山大自考本科怎么样:琥珀屋(英文版)

来源:百度文库 编辑:神马品牌网 时间:2024/04/28 14:53:42

It vanished in the wake of World War II–an 11-foot-square hall walled with amber and other semiprecious stones and worth $142 million in today's dollars. One of the only pieces to be found is a small mosaic of jasper and onyx.

In 1716, the king of Prussia presented the Amber Room, a masterpiece of Baroque art, to Russian Czar Peter the Great. Catherine the Great later commissioned a new generation of craftsmen to embellish the room and moved it from the Winter Palace in St. Petersburg to her new summer abode in Tsarskoye Selo, just outside the city. "When the work was finished, in 1770, the room was dazzling," wrote art historians Konstantin Akinsha and Grigorii Kozlov. "It was illuminated by 565 candles whose light was reflected in the warm gold surface of the amber and sparkled in the mirrors, gilt, and mosaics."

This opulent gesture of friendship between Russians and Germans would come to serve as a potent symbol of their divisions. When Hitler invaded the Soviet Union in 1941, his troops overran Tsarskoye Selo, dismantled the panels of the oversized jewel box, packed them up in 27 crates, and shipped them to Königsberg, Germany (today's Kaliningrad). In January 1945, after air raids and a savage ground assault on the city, the room's trail was lost.

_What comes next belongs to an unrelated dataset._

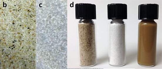 Favors moeu a areia até produzir grãos em escala nanométrica e então purificou-a para aumentar a concentração de quartzo – a areia passou de cinza para branca, similar em cor e textura ao açúcar.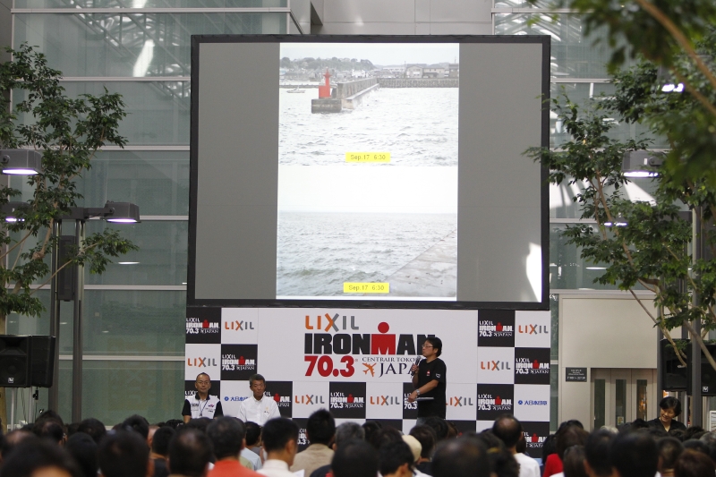 2011年9月17日。愛知の中部国際航空「セントレア」のセンターピアガーデンには、真っ黒に日焼けしたアスリートが続々と集まった。「アイアンマン70.3 セントレア常滑ジャパン」のスタートを翌日に控えて開かれた、選手ブリーフィングだ。

After the war, the German official in charge of the amber shipment said the crates were in a castle that burned down in an air raid. A Soviet investigator found a charred fragment from the room. Others think the palace sank to the bottom of the Baltic Sea in a torpedoed steamer or was stashed in an abandoned mine in Thuringia. Serious historians of the subject have little hope that the room will ever be found. Nonetheless, the Internet bubbles with Amber Room-related theories. A German film company even made an Indiana Jones-style movie based on the story.

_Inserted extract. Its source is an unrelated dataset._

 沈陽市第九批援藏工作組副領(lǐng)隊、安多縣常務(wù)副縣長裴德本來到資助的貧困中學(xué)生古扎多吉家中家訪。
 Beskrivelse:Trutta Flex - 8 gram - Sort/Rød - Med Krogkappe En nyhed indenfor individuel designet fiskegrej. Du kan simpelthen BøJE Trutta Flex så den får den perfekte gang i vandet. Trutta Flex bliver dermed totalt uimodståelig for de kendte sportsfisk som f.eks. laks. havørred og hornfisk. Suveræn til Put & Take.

War trophy. Reality caught up with the fantasies in 1997, when a group of German art detectives, including a former Stasi agent, heard talk that someone was trying to hawk a piece of the Amber Room. Police raided the office of a lawyer in Bremen who was trying to sell the work for a client–the son of a German officer who had accompanied the wartime convoy to Königsberg. The son said he had no idea how his father got the mosaic. One theory is that the crates of amber were bombed on the road and the father swiped a chunk of the room as a war trophy, figuring no one would be the wiser. In April, officials from Berlin presented the recovered mosaic to Russian President Vladimir Putin–along with an intricately inlaid chest from the Amber Room that had also turned up–in a goodwill ceremony faintly and oddly reminiscent of that first kingly gift just under 300 years ago.